### TASK OBJECTIVE
Lines from the beginning of the material below through the line that has "Беседы были проведены" are to be reproduced exactly, but pictures are not.

### EXERCISE INPUT
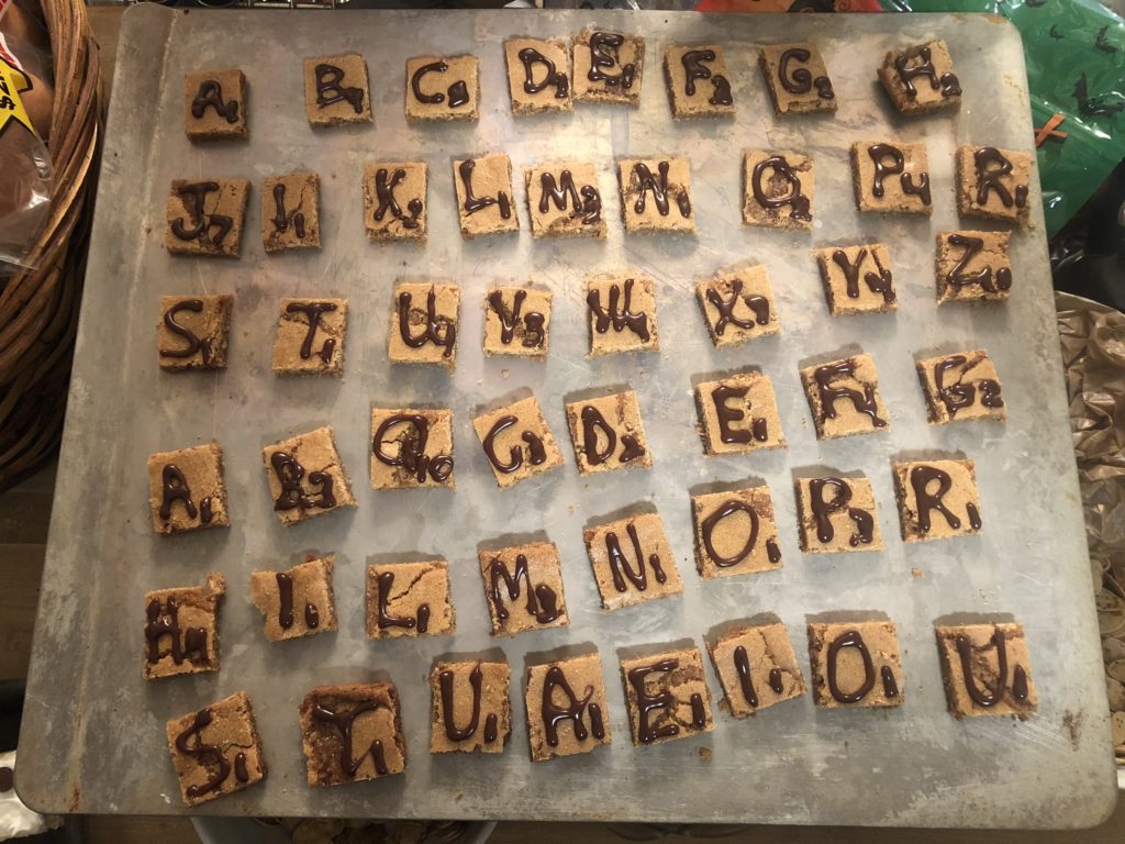 But lest you think I would stop there, I also decided to make cookies shaped and frosted to look like playing cards. Also a terrible idea. But I figured out what a bad idea that was in time to stop myself. Instead, I hit upon the idea to make Scrabble tile cookies. The trick being that I needed to make them into squares, I considered shaping squares before baking, but would they hold their shape? But if I baked them into a pan as one giant cookie and then cut them, would they crumble apart? I had to make my own recipe. Which I did. I think they turned out okay.
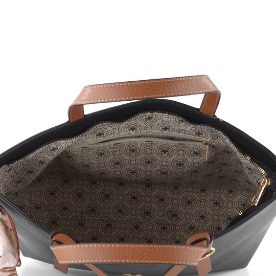 Elegantní dámská shopper kabelka od značky Rieker je ideální volbou pro každou ženu, která hledá prostorný a stylový doplněk. Kabelka je vyrobena z hladké syntetiky v černé barvě, která je doplněna oříškově hnědými madly a popruhem. Zlaté kování a nápadná, saténová stuha, kterou lze snadno sundat, dodávají kabelce nádech luxusu. Kabelka pohodlně pojme formát A4 a nabízí praktické vnitřní uspořádání: dvě otevřené kapsičky na mobil a jednu zipovou kapsu na cennosti. Pevná madla do ruky a nastavitelný ramenní popruh (67 - 124 cm) zajišťují pohodlné nošení. Rozměry kabelky jsou: horní šíře 38 cm, spodní šíře 33 cm, výška 26 cm, dno má hloubku 11 cm. Tento model je perfektní pro jarní a letní sezónu roku 2023.
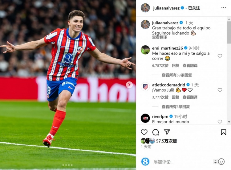2月10日訊 西甲第23輪比賽,阿爾瓦雷斯勺子點球破門,幫助馬競客場1-1戰(zhàn)平皇馬。阿爾瓦雷斯社媒曬照,阿根廷門將大馬丁留言調(diào)侃道:“如果你敢這樣對我,我會追著你跑。” 標簽: 足球 西甲 馬德里競技 英超 阿斯頓維拉
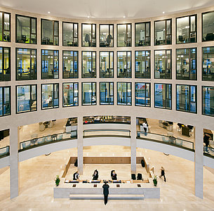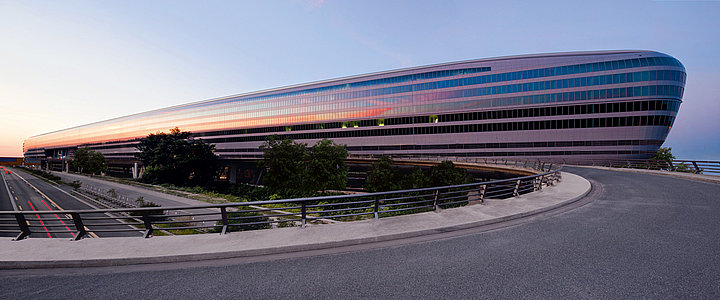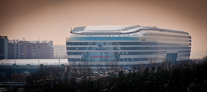 Mit einer Länge von 660 Metern und einer Breite von 65 Metern gehört The Squaire in Frankfurt zu den größten Büroimmobilien der Welt.
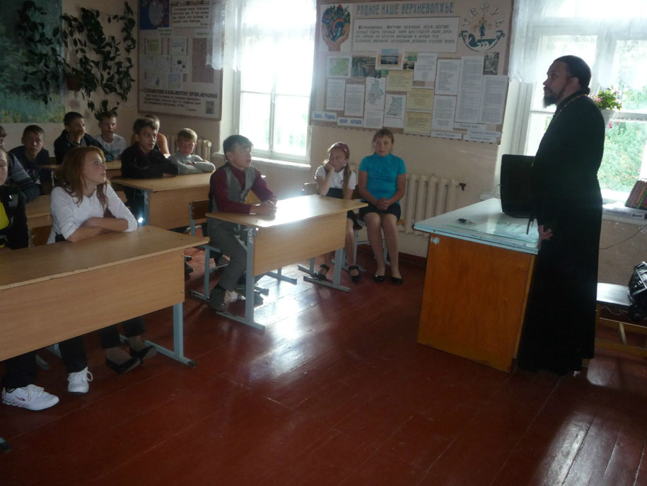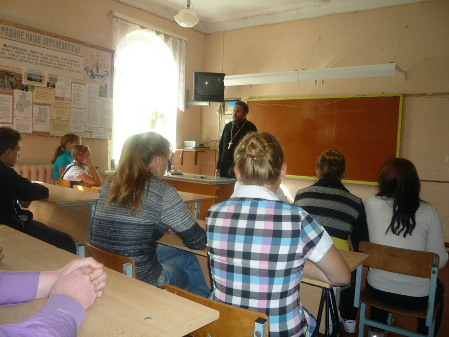 Беседы были проведены с учащимися общеобразовательных школ в деревнях Большое Рагозино и Хабоцкое. Большерагозинской школе были подарены учебники по Основам Православной Культуры.
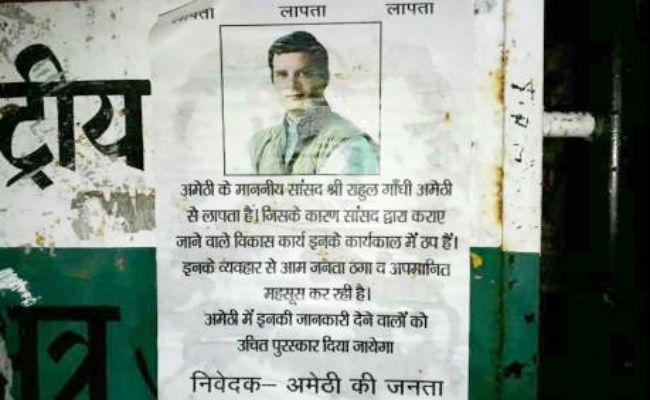 अमेठी : कांग्रेस उपाध्यक्ष राहुल गांधी के संसदीय क्षेत्र अमेठी में उनकी गुमशुदगी के पोस्टर चस्पाये गये हैं. कांग्रेस ने इसे भाजपा और राष्ट्रीय स्वयंसेवक संघ की साजिश करार देते हुए मुकदमा दर्ज कराने की बात कही है. अमेठी में जगह-जगह चिपकाये गये पोस्टर में लिखा है कि ”राहुल लापता हैं, जिसके कारण क्षेत्र का विकास ठप है. उनके व्यवहार से आम जनता ठगा तथा अपमानित महसूस कर रही है. अमेठी में इनकी (राहुल की) जानकारी देने वालों को उचित पुरस्कार दिया जायेगा.” पोस्टर में निवेदक की जगह ‘अमेठी की जनता ‘ लिखा गया है. हालांकि, इसमें प्रकाशक और मुद्रक का नाम नहीं है.
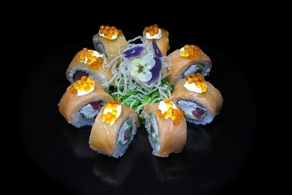 Холодный ролл . 8 кусочков. Состав:рис,нори,сливочный сыр,тунец,авокадо,лосось,красная игра. * Добавьте к вашему заказу имбирь,васаби,соевый соус.(Эти позиции добавляються вами по желанию и идут за отдельную стоимость)
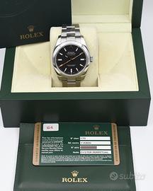 Modello iconico della linea Rolex Milgauss, cassa 40 mm in acciaio Oystersteel, movimento automatico, vetro zaffiro, impermeabile 100 metri. Celebre per la lancetta dei secondi a saetta e per la resistenza ai campi magnetici fino a 1.000 gauss.
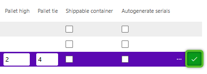 7. (Optional): Enter a Pallet high (how high this material packaging level can be stacked) and Pallet tie (how many packages of this level can fit on a pallet before stacking).
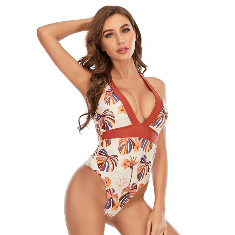 Traje de baño deportivo de una pieza con estampado de patrón sólido elegante para mujer americana europea, diseño trasero recortado, transpirable, respetuoso con el medio ambiente
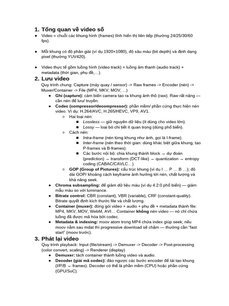 1. Tổng quan về video số: Ghi (capture) : Codec (compressor ...
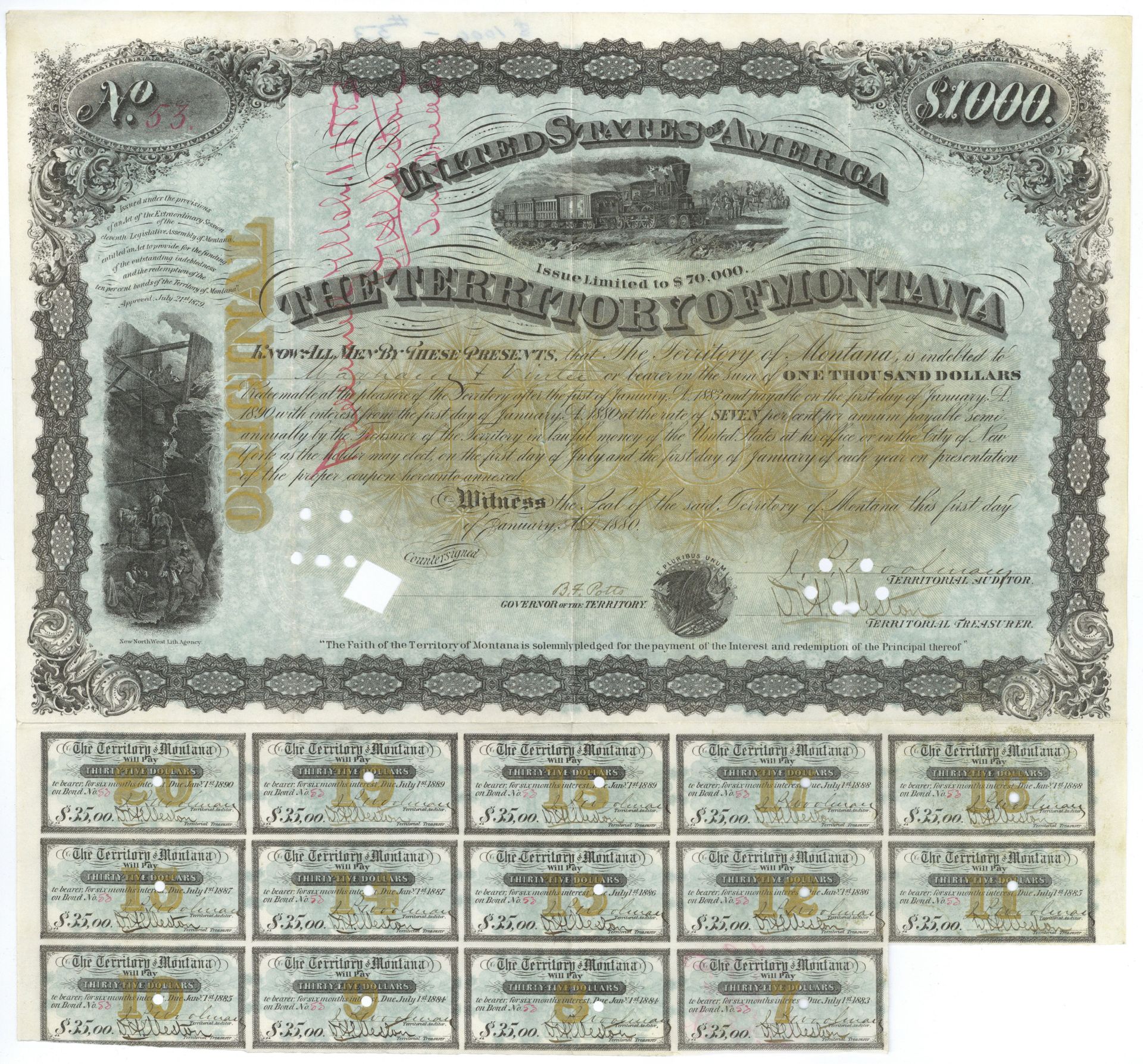 Territory of Montana - Very Rare Gorgeous $1000 Bond with Gold Underprint - Beautiful Bond for a Beautiful State
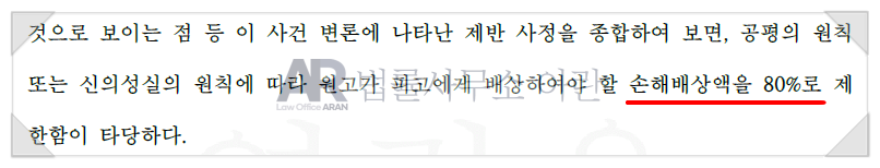 결과 : 손해배상 청구금액 중 80% 승소

### WRITTEN RESPONSE
 But lest you think I would stop there, I also decided to make cookies shaped and frosted to look like playing cards. Also a terrible idea. But I figured out what a bad idea that was in time to stop myself. Instead, I hit upon the idea to make Scrabble tile cookies. The trick being that I needed to make them into squares, I considered shaping squares before baking, but would they hold their shape? But if I baked them into a pan as one giant cookie and then cut them, would they crumble apart? I had to make my own recipe. Which I did. I think they turned out okay.
 Elegantní dámská shopper kabelka od značky Rieker je ideální volbou pro každou ženu, která hledá prostorný a stylový doplněk. Kabelka je vyrobena z hladké syntetiky v černé barvě, která je doplněna oříškově hnědými madly a popruhem. Zlaté kování a nápadná, saténová stuha, kterou lze snadno sundat, dodávají kabelce nádech luxusu. Kabelka pohodlně pojme formát A4 a nabízí praktické vnitřní uspořádání: dvě otevřené kapsičky na mobil a jednu zipovou kapsu na cennosti. Pevná madla do ruky a nastavitelný ramenní popruh (67 - 124 cm) zajišťují pohodlné nošení. Rozměry kabelky jsou: horní šíře 38 cm, spodní šíře 33 cm, výška 26 cm, dno má hloubku 11 cm. Tento model je perfektní pro jarní a letní sezónu roku 2023.
2月10日訊 西甲第23輪比賽,阿爾瓦雷斯勺子點球破門,幫助馬競客場1-1戰(zhàn)平皇馬。阿爾瓦雷斯社媒曬照,阿根廷門將大馬丁留言調(diào)侃道:“如果你敢這樣對我,我會追著你跑。” 標簽: 足球 西甲 馬德里競技 英超 阿斯頓維拉
 Mit einer Länge von 660 Metern und einer Breite von 65 Metern gehört The Squaire in Frankfurt zu den größten Büroimmobilien der Welt.
 Беседы были проведены с учащимися общеобразовательных школ в деревнях Большое Рагозино и Хабоцкое. Большерагозинской школе были подарены учебники по Основам Православной Культуры.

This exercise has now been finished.